There is a belief that ingesting fat after exercise can delay digestion and hinder nutrient absorption. Nevertheless, it will reduce all its advantages. You should consume a small amount of fat to make yourself satisfied.

Consuming a ratio of 3 to 1 (carbs to protein) is a practical way to recover muscles faster. Have some healthy fats; you are all set!

5 Healthy Post Workout Meals For Fast Muscle Recovery

  • Dark Leafy Greens

Leafy vegetables such as spinach, radish greens, lettuce, broccoli, and mustard greens are filled with fiber, as well as vitamins A, E, K, and C, and minerals like magnesium, calcium, and potassium. You receive numerous advantages from eating dark green leafy vegetables.

Your body gets replenished. Not only this, but you remain protected from severe diseases. You can also maintain your body weight by consuming it.

  • Fish Or Chicken

Both fish and chicken are lean proteins that allow you to take all the benefits of protein, with few calories and less saturated fat. These lean proteins promote muscle repair and growth as well.

  • Have a Protein-Rich Shakes

After the workout, the protein-rich shakes are an ideal approach to nourishing your fatigued muscles. But, make sure, the protein shake is without sugar. You can get almost 30 grams of protein from a glass of protein shake, which is enough after the workout.

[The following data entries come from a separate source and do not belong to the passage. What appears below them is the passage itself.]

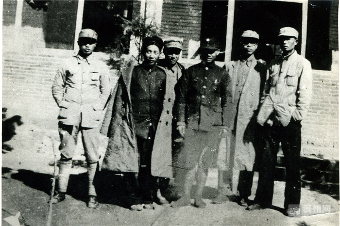1938年10月,八路軍山東抗日游擊第三、四、八支隊負責人合影。左起韓明柱、姚仲明、霍士廉、廖容標、馬耀南、張文通。
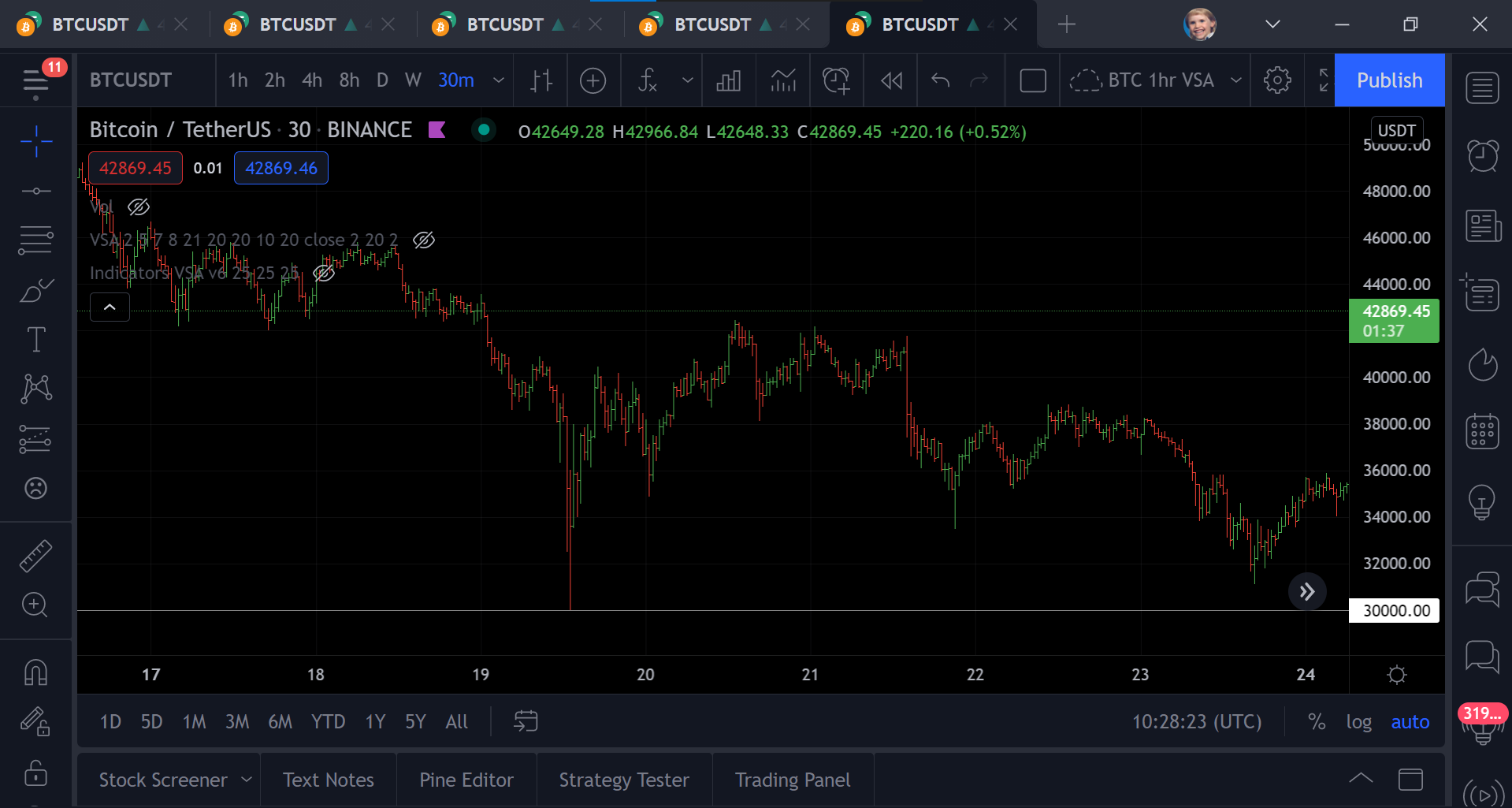 I have attached the Binance BTC/USDT 30min intraday chart from both Sierra & TradingView and the discrepancy still exists to the same extent. I have also attached the Bitfinex BTC/USD 30min intraday chart from Sierra as oddly enough it seems to be spot on, hitting that 30k low. All charts are from May 17th-24th. Thanks, |
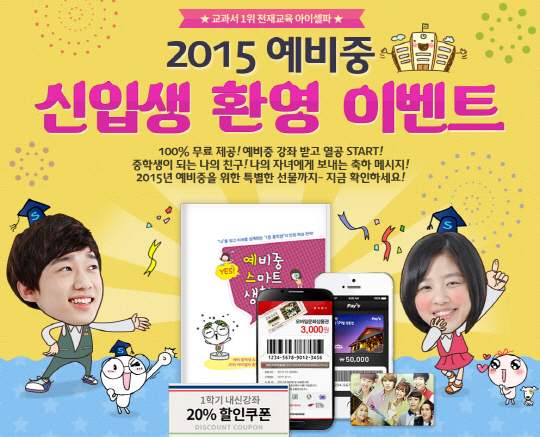 '신입생 환영 이벤트'는 올해 중학생이 되는 친구나 자녀에게 축하 메시지를 보낸 회원들에게 경품을 증정한다. 이벤트 참가자 전원에게 '아이셀파 2015년 1학기 내신강좌 할인권'을 제공하며 추첨을 통해 '예비중 가이드북과 스타링 교통카드(30명)', '아웃백 디지털 상품권 5만원권(10명)' 등을 증정한다.
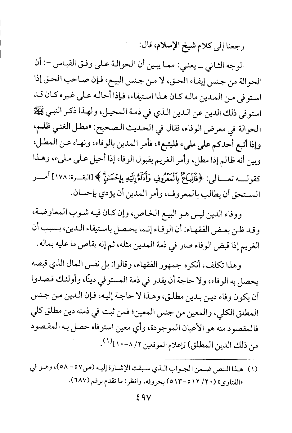 الوجه الثاني -يعني: مما يبين أن الحوالة على وفق القياس-: أن الحوالة من جنس إيفاء الحق، لا من جنس البيع، فإن صاحب الحق إذا استوفى من المدين ماله كان هذا استيفاء، فإذا أحاله على غيره كان قد استوفى ذلك الدين عن الدين الذي في ذمة المحيل، ولهذا ذكر النبي - صلى الله عليه وسلم - الحوالة في معرض الوفاء، فقال في الحديث الصحيح: "مطل الغني ظلم، وإذا أتبع أحدكم على ملئ فليتبع"، فأمر المدين بالوفاء، ونهاه عن المطل، وبين أنه ظالم إذا مطل، وأمر الغريم بقبول الوفاء إذا أحيل على ملئ، وهذا كقوله تعالى: {فَاتِّبَاعٌ بِالْمَعْرُوفِ وَأَدَاءٌ إِلَيهِ بِإِحْسَانٍ} [البقرة: 178] أمر المستحق أن يطالب بالمعروف، وأمر المدين أن يؤدي بإحسان.

  • Scrambled Eggs And Veggies
Eggs deliver high-quality protein. Having eggs after working out is the optimal post-exercise meal. Consuming two servings of scrambled eggs will provide a total of 13 grams of protein. You can add chopped onion, tomatoes, and green as well as red peppers for extra vitamins to speed up muscle repair.
 
  • Cottage Cheese

You should also consider the protein-rich cottage cheese after the workout. Simply add it to salads, wraps, and pizza as per your style, and enjoy the delicious cottage cheese benefits. It is a beneficial protein source that enhances your feeling of fullness.

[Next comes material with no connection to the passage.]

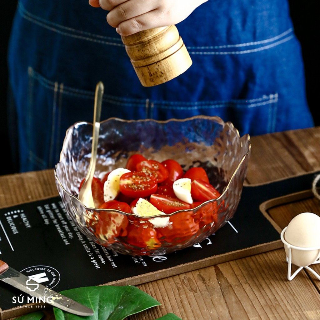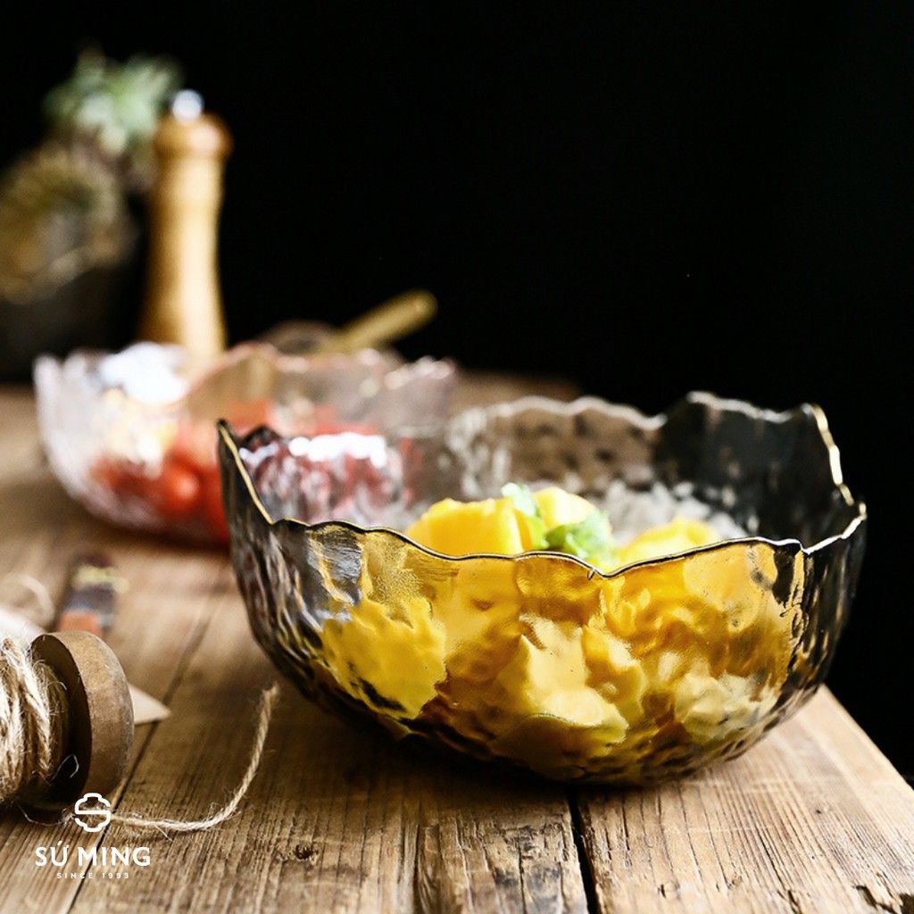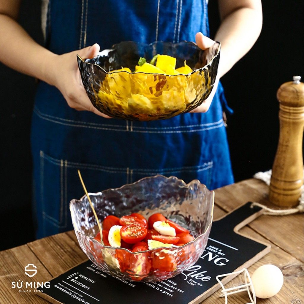 Bát Tô Thuỷ Tinh Đẹp [NHẬT BẢN][VIỀN VÀNG] đựng hoa quả, salad, trang trí nhà cửa đẹp, thuỷ tinh chịu nhiệt
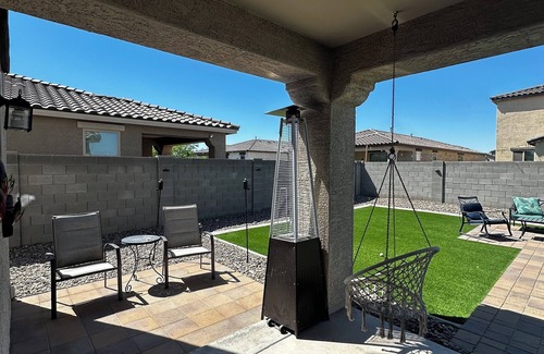Experience Goodyear like a local in this charming 3-bedroom house. With 1 king bed and 2 queen beds, guests will find a pleasant and quaint space to relax. Enjoy the convenience of WiFi, or some yoga in the loft with provided mats and light workout equipment or unwind with a book on the oversized couch. Downstairs there is a fully equipped game room with a poker/game table and plenty of games to enjoy. TV in living is a smart TV loaded with a firestick so you can easily access any of your favorites by logging in. Kitchen is completely stocked and there is a functional grill out back. It's easy to see why you'll be able to unwind at our place.

You can have it with a slice of whole wheat bread after a workout to raise your energy level and repair your muscle breakdown.

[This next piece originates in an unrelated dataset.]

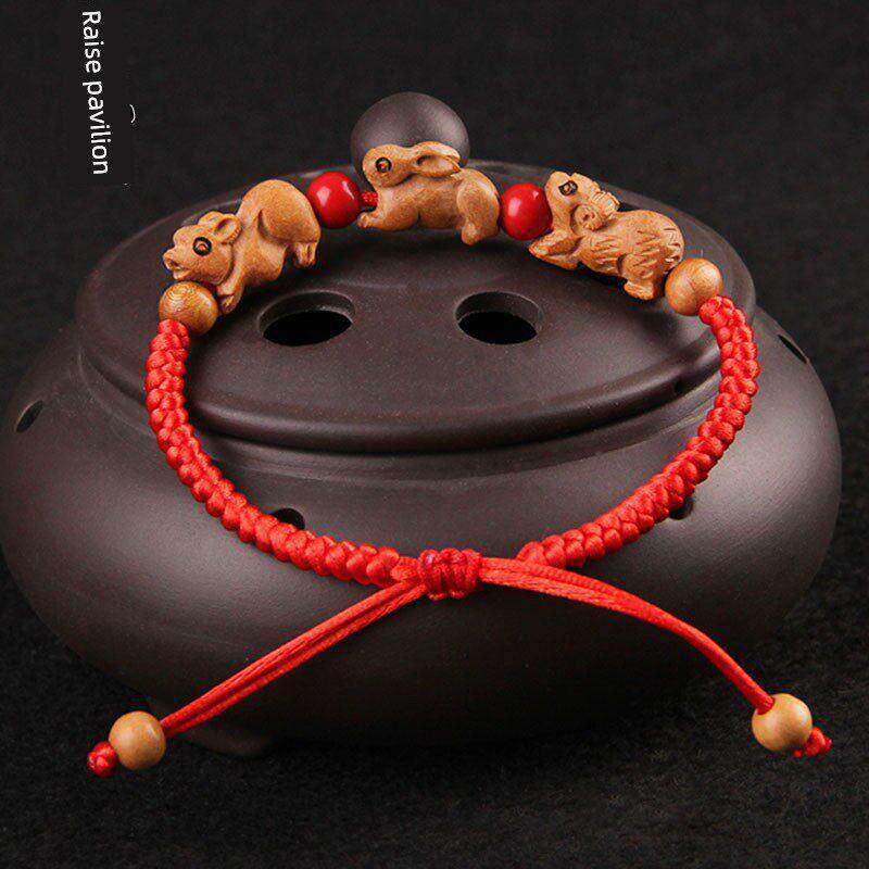 2026年桃木三合六合手链生肖鼠兔龙鸡马鼠吉祥物随身红绳手绳男女

Sample Post-Workout Meals and Snacks

Have a look at some post-workout meals for fast recovery. Combining foods can create a great meal that offers all the nutrients you require after the workout.

Meals Options

Try these quick and easy meals after your workout:

  • grilled chicken with roasted vegetables and rice
  • egg omelet with avocado spread on whole-grain toast
  • salmon with sweet potato
  • Tuna salad sandwich on whole grain bread
  • whole-grain toast and almond butter
  • quinoa bowl with sweet potatoes, berries, and pecans
  • oatmeal, whey protein, banana, and almonds

Snacks Options

You can also try some of the delicious snack options after a heavy workout.

  • tuna and crackers
  • cottage cheese and fruits
  • pita and hummus
  • rice crackers and peanut butter
  • cereal with dairy or soy milk
  • Greek yogurt, berries, and granola
  • protein shake and banana
  • whole grain crackers with string cheese and fruit

Timing of Your Healthy Post-Workout Meals

If you do not eat healthy meals within 45 to 60 minutes after your workout, then you might face certain problems, such as:

  • Your muscles may not get repaired completely.

  • Your metabolism may slow down.

  • You may feel lazy for an entire day.

  • Your muscle’s soreness recovery may slow down.

  • There are chances that you may eat junk food to get energy.

Therefore, it is better if you consume healthy meals soon after your workout to avoid these situations.

Drink Plenty Of Water

Make sure you drink at least 3-5 glasses of water daily so that you can keep yourself hydrated. During exercise, you lose water through sweat. Freshen your body by taking a glass of water. If possible, add a half teaspoonful of sugar and salt to your homemade drink that you can take after a high-intensity workout. It will help you balance the salt in your body fluids and prevent your blood glucose levels from dropping.

The Bottom Line

In conclusion, make it a habit of fixing quick post-workout meals. It will not only improve muscle recovery but also store energy that you lose during workout sessions because consuming a proper amount of carbs and protein after exercise is essential. 

If you can do this, everyone, including you, will be surprised to see your improved stamina. You will also feel light.